Healthy couples protect each other. Power pointed out that this means protecting each other from painful situations, “including yourself!” This means having each other’s back, and not harming each other in public or private.
He shared these examples: You don’t take another person’s side over your partner. If you do have an issue with how your partner is handling a specific situation, you talk to them in private, instead of in front of others. If other people are putting your partner down, you defend your partner. If someone has an issue with your partner, instead of acting as a “middle man,” you tell them to address it directly with your partner.
Ultimately, according to Pearson, healthy relationships look like the relationship that you and your partner can agree on—and “are willing to take the emotional risks and sustained effort to bring about.

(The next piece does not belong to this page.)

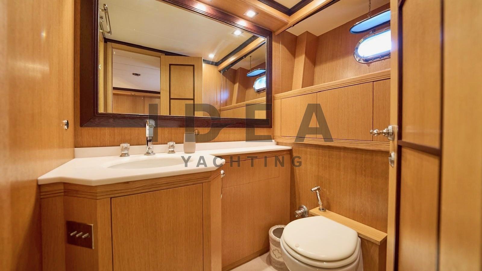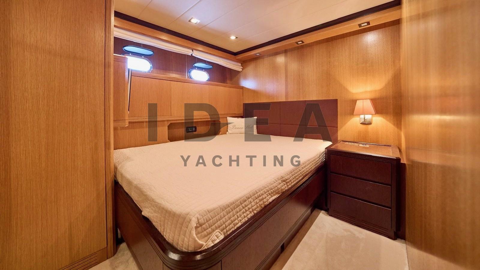 Accommodations include three elegantly appointed en-suite cabins, comfortably accommodating six guests, alongside a crew cabin that features double beds, which may serve as a versatile fourth guest cabin. The master suite, situated at the bow, stands as a sanctuary of luxury, offering abundant storage and a private en-suite bathroom. The remaining guest cabins comprise one with a double bed and another featuring twin beds, supplemented by an additional Pullman bed, each with their own en-suite facilities.

And do it with loving patience. And a high tolerance for disappointment.”
Because, as Hirschfeld said, relationships need room for error and mistake making—and for forgiveness. It’s important to acknowledge, she said, that our partners are imperfect, just like us. Which is absolutely OK since
relationships don’t need to be perfect to be satisfying and fulfilling. They can have conflict and misunderstandings.
But relationships do need to be built on “trust and safety,” which make up “the foundation of any healthy relationship,” Power said.